Second, Honeywell did not consent to arbitration of class-wide disputes. In Stolt-Nielsen S.A. v. AnimalFeeds International Corp., 559 U.S. 662, 685, 130 S.Ct. 1758, 176 L.Ed.2d 605 (2010), the Supreme Court held that "class-action arbitration changes the nature of arbitration to such a degree that it cannot be presumed the parties consented to it by simply agreeing to submit their disputes to an arbitrator." Mere silence on the issue does not constitute consent. Unless the parties explicitly agreed to classwide arbitration, it cannot be compelled. Id. at 687, 130 S.Ct. 1758. See also AT & T Mobility LLC v. Concepcion, 563 U.S. 333, 347-50, 131 S.Ct. 1740, 179 L.Ed.2d 742 (2011) (discussing the "fundamental" differences between bilateral arbitration and class-action arbitration).
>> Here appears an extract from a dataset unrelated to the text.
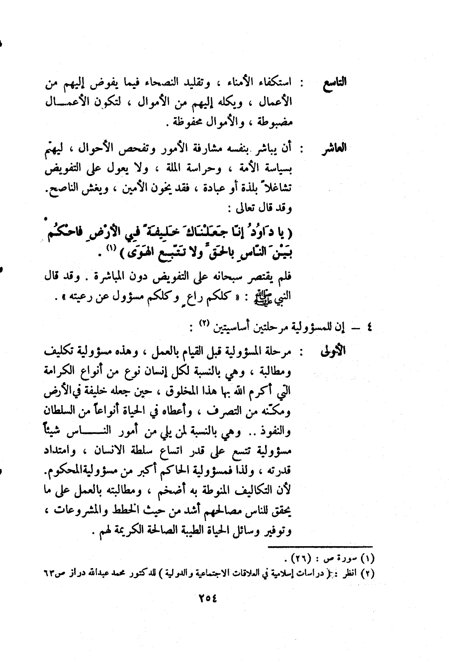 الأولى: مرحلة المسئولية قبل القيام بالعمل، وهذه مسئولية تكليف ومطالبة، وهي بالنسبة لكل إنسان نوع من أنواع الكرامة التي أكرم الله بها هذا المخلوق، حين جعله خليفة في الأرض ومكَّنه من التصرف، وأعطاه في الحياة أنواعًا من السلطان والنفوذ، وهي بالنسبة لمن يلي من أمور الناس شيئًا مسئولية تتسع على قدر اتساع سلطة الإنسان، وامتداد قدرته، ولذا فمسئولية الحاكم أكبر من مسئولية المحكوم؛ لأن التكاليف المنوطة به أضخم، ومطالبته بالعمل على ما يحقق للناس مصالحهم أشد من حيث الخطط والمشروعات، وتوفير وسائل الحياة الطيبة الصالحة الكريمة لهم.

Given that the CBA in this case does not specifically authorize arbitration of classwide disputes, the Court cannot compel Honeywell to arbitrate Plaintiffs' class action claims, regardless of who brings them. See Reed Elsevier, Inc. v. Crockett, 734 F.3d 594, 599 (6th Cir.2013) ("the principal reason to conclude that this arbitration clause does not authorize classwide arbitration is that the clause nowhere mentions it.").

For the reasons discussed above, the Court concludes that Honeywell did not consent to arbitration of this particular dispute. Honeywell did not agree to arbitrate any disputes with retirees, nor did it agree to arbitrate class-wide disputes. Because "it may be said with positive assurance that the arbitration clause is not susceptible of an interpretation that covers the asserted dispute," Warrior & Gulf, 363 U.S. at 582-83, 80 S.Ct. 1347, the "presumption of arbitrability" does not apply. Moreover, the grievance was not filed in a timely manner.
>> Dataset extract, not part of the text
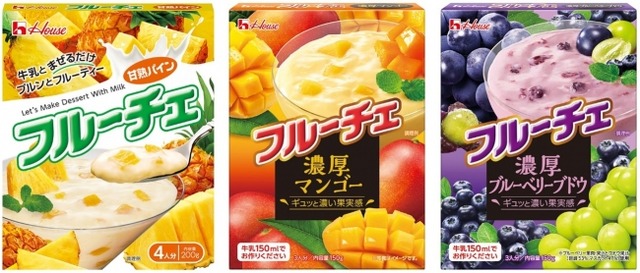 ハウス食品は、牛乳と混ぜるだけで作ることができる人気のデザートベース、ハウス「フルーチェ」の新アイテムとして「フルーチェ」<甘熟パイン>と「フルーチェ」<濃厚マンゴー>、「フルーチェ」<濃厚ブルーベリーブドウ>を、1月21日から全国で発売します。
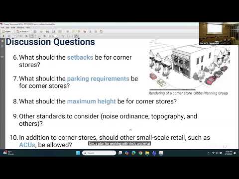 On scope, commissioners debated whether a ‘‘corner store’’ label should be limited to corner lots or used as shorthand for small‑scale neighborhood retail anywhere on a block. Some members favored a flexible approach that would allow ACUs (smaller, accessory commercial spaces tied to a residence) more broadly while limiting larger neighborhood stores to specific locations or design standards. Staff identified several implementation paths: expand neighborhood business zones in targeted locations; allow ACUs as a use within residential zones with size and operational limits; or adopt the state minimums if HB 1175 becomes law and then decide whether to go further.

Having determined that this dispute squarely falls outside the scope of the arbitration provision, it is not necessary for the Court, at this juncture, to address the question of whether Plaintiffs have a right to lifetime healthcare benefits, or whether that alleged right vested prior to the expiration of the latest CBA in 2014. See Litton, 501 U.S. at 205-06, 111 S.Ct. 2215 (noting that post-expiration grievances may still be subject to arbitration if the action taken "infringes a right that accrued or vested under the agreement, or where... the disputed contractual right survives expiration of the remainder of the agreement."). These issues will be decided in the context of the pending motion to dismiss.

III. Conclusion

For the reasons set forth above, the Court OVERRULES Plaintiffs' Motion to Compel Arbitration of Collectively-Bargained Retiree Healthcare Dispute, Doc. # 14, and DISMISSES WITH PREJUDICE Count III of Plaintiffs' Complaint.

FootNotes


1. In determining whether a retiree healthcare dispute was subject to arbitration, the court in Burcicki recognized that, regardless of how broad the arbitration provision is in terms of subject matter, a dispute brought by a retiree may not be subject to arbitration if the CBA limits arbitrable grievances to those between the company and an "employee." 2010 WL 1131451, at *13. See also Exelon Generation Co., LLC v. Local 15, Int'l Bhd. of Elec. Workers, AFL-CIO, 540 F.3d 640, 645-46 (7th Cir. 2008) (making the same distinction).
2. The court further noted that this was not surprising, given that the company's agreement to arbitrate is the "quid pro quo" for the employees' agreement not to strike. Quick Air Freight, 613 F.Supp. at 1273 (quoting Textile Workers v. Lincoln Mills, 353 U.S. 448, 455, 77 S.Ct. 912, 1 L.Ed.2d 972 (1957)).